1 Introduction

Particle swarm optimization (PSO) is a stochastic, population-based optimization algorithm [9]. A swarm consists of a number of particles. Each particle’s position in the search space represents a possible solution to an optimization problem. The particles move through the search space, guided by local and global information. This paper considers PSO with inertia weight [20].

Previous studies in literature have emphasized the importance of boundary handling techniques for PSO, especially in high dimensional spaces [12, 15]. As problem dimensionality increases, the particles become increasingly likely to leave the search space and exhibit unwanted roaming behaviour [12]. Application of boundary constraint handling techniques may mitigate particles’ roaming behaviour and allow the search to continue even in high dimensional spaces.

A number of constraint handling strategies are examined that may be employed to mitigate particle roaming behaviour. Classical boundary constraint handling methods have been suggested [8, 17], but the methods utilize information about the optima locations and/or gradient information. For black-box optimization problems, such information is typically not available. The boundary constraint handling techniques considered in this paper do not make use of additional information about the optimization function.

Boundary constraint handling techniques bias the particles towards certain parts of the search space [10, 11]. Thus, the best choice in technique usually depends on the location of the optima. However, additional information about the optima locations may not be known. This paper considers minimization problems that have been shifted by a random vector, distributed uniformly throughout the search space. There is thus no clear pattern regarding the optima locations, i.e. they are not near the boundaries or near the center of the search space in all dimensions. The paper discusses the performance of a selection of boundary handling techniques so that practitioners are guided in choosing a strategy when the locations of the optima are unknown or differ widely among dimensions.

The paper proceeds as follows: Sect. 2 discusses the boundary constraint handling techniques being considered. Section 3 describes the experimental method. Section 4 presents the empirical results and Sect. 5 concludes the paper.

2 Background

This section discusses a number of the most common boundary constraint handling techniques. Section 2.1 discusses position repair methods. Section 2.2 introduces velocity repair strategies that can be combined with the position repair strategies. Section 2.3 discusses techniques that do not fall into either category.

2.1 Position Repair Strategies

This section lists position repair strategies, which modify a particle’s position so that it no longer violates the boundary.

Infinity: The first strategy, suggested by [3] only modifies the PSO algorithm by constraining the personal and global best positions to be within the search space. Thus, the particles may leave the search space, but their local and global attractors will always be within bounds, thereby encouraging the particles to return to the search space. There have been suggestions in literature to make this approach standard practice [3]. This method is also known as the “invisible wall” [18]. The infinity method has the advantage of not modifying the velocity or position vectors directly, thereby preventing the algorithm from becoming biased as a side effect of the boundary handling technique.

Random: The random method [4, 11, 16] re-initializes any invalid position component uniformly within the search space. A possible side effect of this method is to inject diversity into the swarm by randomly selecting position components that particles would have been unlikely to encounter otherwise. Another variant, random-half [19], re-initializes any invalid position components within the half of the search space nearest the violated boundary.

Absorb: The absorb strategy repairs a particle’s position by moving it back onto the boundary in every violated dimension. This approach biases particles towards solutions that are on the boundary of the search space. The absorb strategy is also known as truncate [1], nearest [10], or boundary [16].

Exponential: The exponential method as originally proposed [1] repairs a particle’s position in every dimension by moving the particle to a point between its previous position and the violated boundary. The new position is sampled from a truncated exponential distribution, oriented so that there is a higher probability of sampling a position near the boundary. An alternative method [16] samples from a truncated exponential distribution spread across the entire search space in the violated dimension (oriented so that positions near the violated boundary are more likely).
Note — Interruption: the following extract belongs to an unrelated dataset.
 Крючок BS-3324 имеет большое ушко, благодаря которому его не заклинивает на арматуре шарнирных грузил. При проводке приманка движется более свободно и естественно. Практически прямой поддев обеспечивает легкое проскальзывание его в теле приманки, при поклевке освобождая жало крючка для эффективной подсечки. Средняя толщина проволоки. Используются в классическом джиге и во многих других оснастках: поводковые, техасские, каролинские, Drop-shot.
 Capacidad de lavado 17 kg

The original method is referred to as exponential-confined and the latter as exponential-spread. The exponential method introduces less artificial diversity than the random and random-half methods, and also preserves search information about good solutions near the boundaries by sampling from a biased distribution.
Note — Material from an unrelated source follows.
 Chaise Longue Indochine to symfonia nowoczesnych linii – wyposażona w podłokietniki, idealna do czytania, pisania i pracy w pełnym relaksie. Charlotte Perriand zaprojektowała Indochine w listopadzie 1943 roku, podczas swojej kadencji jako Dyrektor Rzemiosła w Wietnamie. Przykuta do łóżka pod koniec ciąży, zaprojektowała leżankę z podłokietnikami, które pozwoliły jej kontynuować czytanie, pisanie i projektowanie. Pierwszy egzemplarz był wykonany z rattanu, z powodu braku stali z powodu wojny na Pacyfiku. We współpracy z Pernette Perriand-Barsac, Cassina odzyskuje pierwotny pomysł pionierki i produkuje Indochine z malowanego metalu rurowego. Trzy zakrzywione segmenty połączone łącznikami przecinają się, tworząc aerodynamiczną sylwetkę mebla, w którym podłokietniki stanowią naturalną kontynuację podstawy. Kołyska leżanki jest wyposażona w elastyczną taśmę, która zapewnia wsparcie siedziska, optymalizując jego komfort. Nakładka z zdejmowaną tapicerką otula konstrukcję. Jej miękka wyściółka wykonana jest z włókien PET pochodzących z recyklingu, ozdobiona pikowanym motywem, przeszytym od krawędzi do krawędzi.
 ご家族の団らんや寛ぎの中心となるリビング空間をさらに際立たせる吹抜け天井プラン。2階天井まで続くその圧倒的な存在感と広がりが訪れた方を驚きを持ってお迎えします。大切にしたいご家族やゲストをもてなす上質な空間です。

2.2 Velocity Repair Methods

A particle’s velocity vector contains information about favourable search directions in relation to its local and global attractors. If the particle is relocated, then the relative direction of its attractors change. Modifying a particle’s position without also adjusting its velocity may cause the particle to move in directions that are unfavourable due to its outdated momentum component. Additionally, if the particle left the search space due to high velocity in a given dimension, then the particle is likely to leave the search space again after being moved inside the search space (because it still has a large, outward momentum component). A variety of velocity repair methods are discussed below:

Zero: Set the velocity to zero in violated dimensions.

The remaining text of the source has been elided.